## Prompt:
Repeat each record below exactly, omitting whatever pictures appear in it.

## Recorded data:
☆ ☆ ☆ ☆
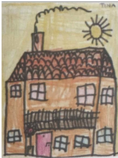
Slika 7. Dječji uradak (8 godina), grafički tip
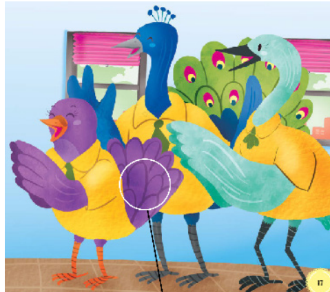
Gambar 3: unsur garis untuk membentuk objek bulu dalam Buku “Ayo Bersemangat!”.
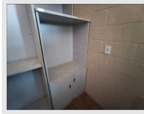
ARMARIO ALTO SEMI ABERTO MARTINUCCI | Item: 701 |
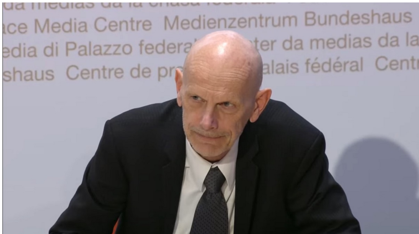
Даниэль Кох. Скриншот видеотрансляции брифинга от 28 марта

Отделения реанимации и интенсивной терапии в Швейцарии пока не перегружены. Более того, швейцарские госпитали приходят на помощь французским. Так, на днях в Женевский университетский госпиталь (HUG) на вертолете были доставлены два пациента из французского города Мюлуз, а в кантональную больницу Аргау перевезли двух больных из Кольмара. В общей сложности медицинские учреждения кантонов Женева, Невшатель, Фрибург, Во, Аргау, Юра, Берн, Базель-сельский и Базель-городской примут более 20 французских пациентов.
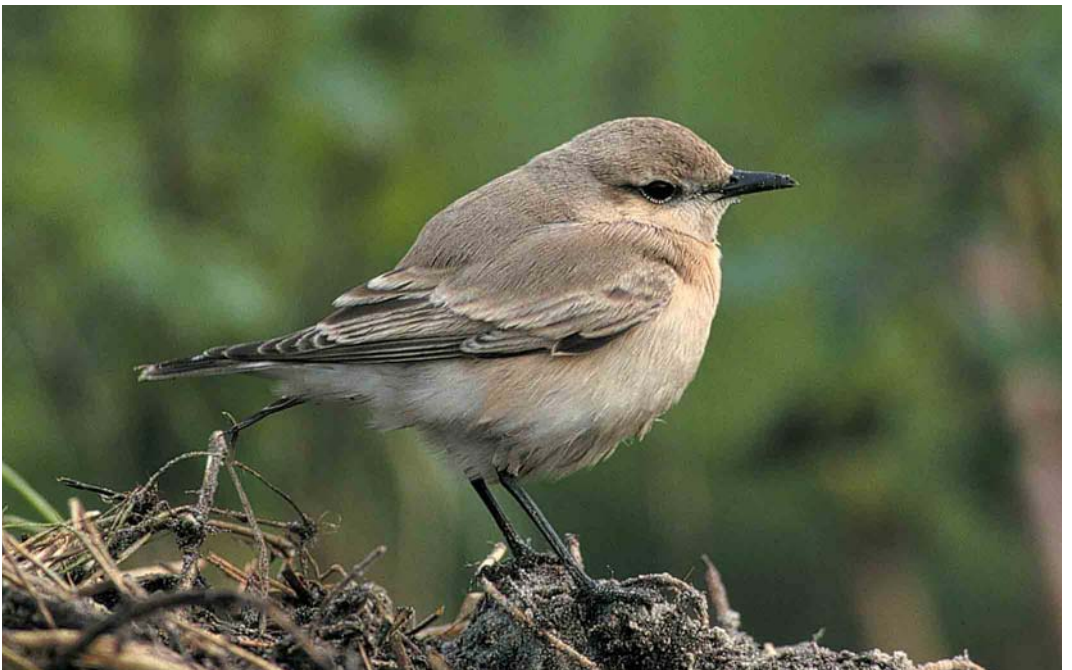
376 Isabelline Wheatear / Izabeltapuit Oenanthe isabellina , first-year, Schiermonnikoog, Friesland, 16 October 2000
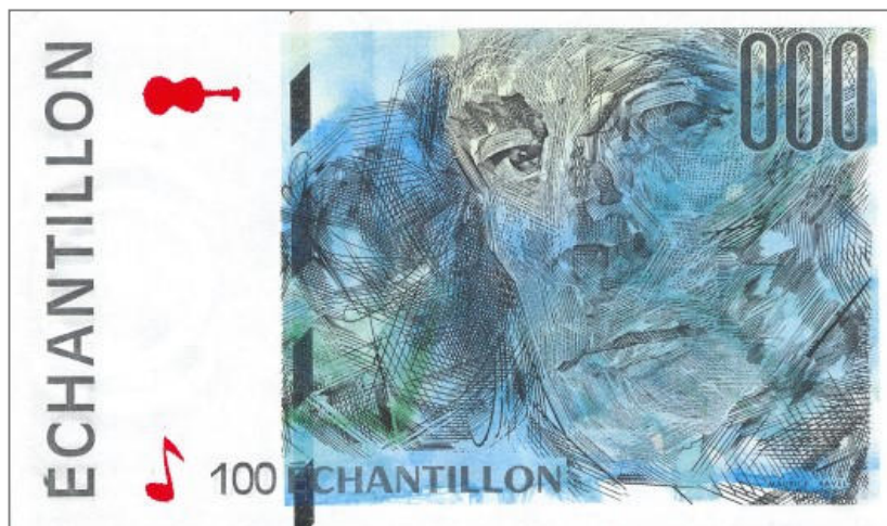
Echantillon correspondant au 100 FRANCS – CEZANNE

Ces coupures comportent un certain nombre de signes de sécurité : filigrane, dessin avec encre simulant un changement de couleur, fil de sécurité et strap. Elles portent en petit la mention de la valeur du billet authentique (50, 100, 200 ou 500).
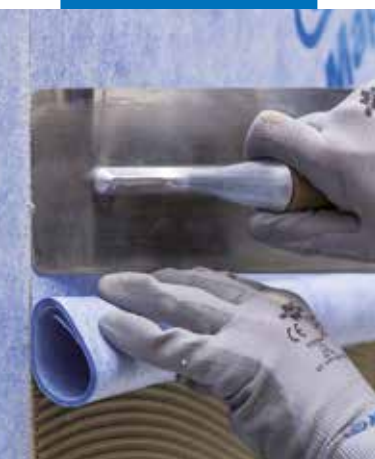
Application de la deuxième membrane
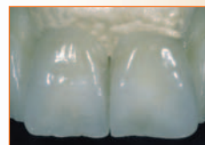
Smalti generici e opalescenti
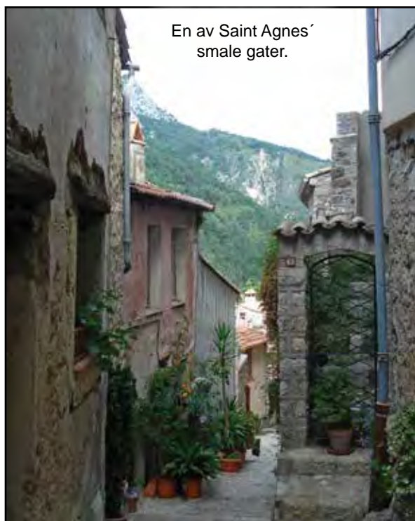
En av Saint Agnes' smale gater.
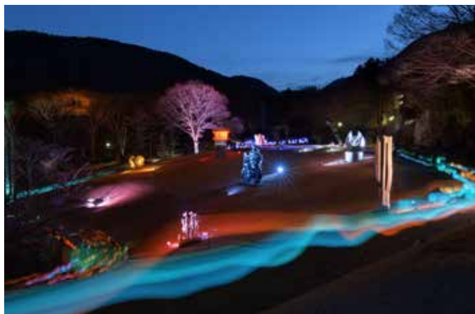
高橋匡太 《Glow with Night Garden Project in Hakone》
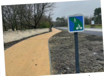
Les travaux de la voie verte de Capeyron sont terminés !

La première ligne du plan vélo de la Ville reliant Picot au rond point de Capeyron intègre une voie verte désormais ouverte à la circulation. La particularité des voies vertes est d'être aménagée le long des voiries, décrochées de la chaussée et réservées aux piétons et vélos.
☆ ☆ ☆ ☆
## Response to the exercise:
Slika 7. Dječji uradak (8 godina), grafički tip
Gambar 3: unsur garis untuk membentuk objek bulu dalam Buku “Ayo Bersemangat!”.
ARMARIO ALTO SEMI ABERTO MARTINUCCI | Item: 701 |
Даниэль Кох. Скриншот видеотрансляции брифинга от 28 марта

Отделения реанимации и интенсивной терапии в Швейцарии пока не перегружены. Более того, швейцарские госпитали приходят на помощь французским. Так, на днях в Женевский университетский госпиталь (HUG) на вертолете были доставлены два пациента из французского города Мюлуз, а в кантональную больницу Аргау перевезли двух больных из Кольмара. В общей сложности медицинские учреждения кантонов Женева, Невшатель, Фрибург, Во, Аргау, Юра, Берн, Базель-сельский и Базель-городской примут более 20 французских пациентов.
376 Isabelline Wheatear / Izabeltapuit Oenanthe isabellina , first-year, Schiermonnikoog, Friesland, 16 October 2000
Echantillon correspondant au 100 FRANCS – CEZANNE

Ces coupures comportent un certain nombre de signes de sécurité : filigrane, dessin avec encre simulant un changement de couleur, fil de sécurité et strap. Elles portent en petit la mention de la valeur du billet authentique (50, 100, 200 ou 500).
Application de la deuxième membrane
Smalti generici e opalescenti
En av Saint Agnes' smale gater.
高橋匡太 《Glow with Night Garden Project in Hakone》
Les travaux de la voie verte de Capeyron sont terminés !

La première ligne du plan vélo de la Ville reliant Picot au rond point de Capeyron intègre une voie verte désormais ouverte à la circulation. La particularité des voies vertes est d'être aménagée le long des voiries, décrochées de la chaussée et réservées aux piétons et vélos.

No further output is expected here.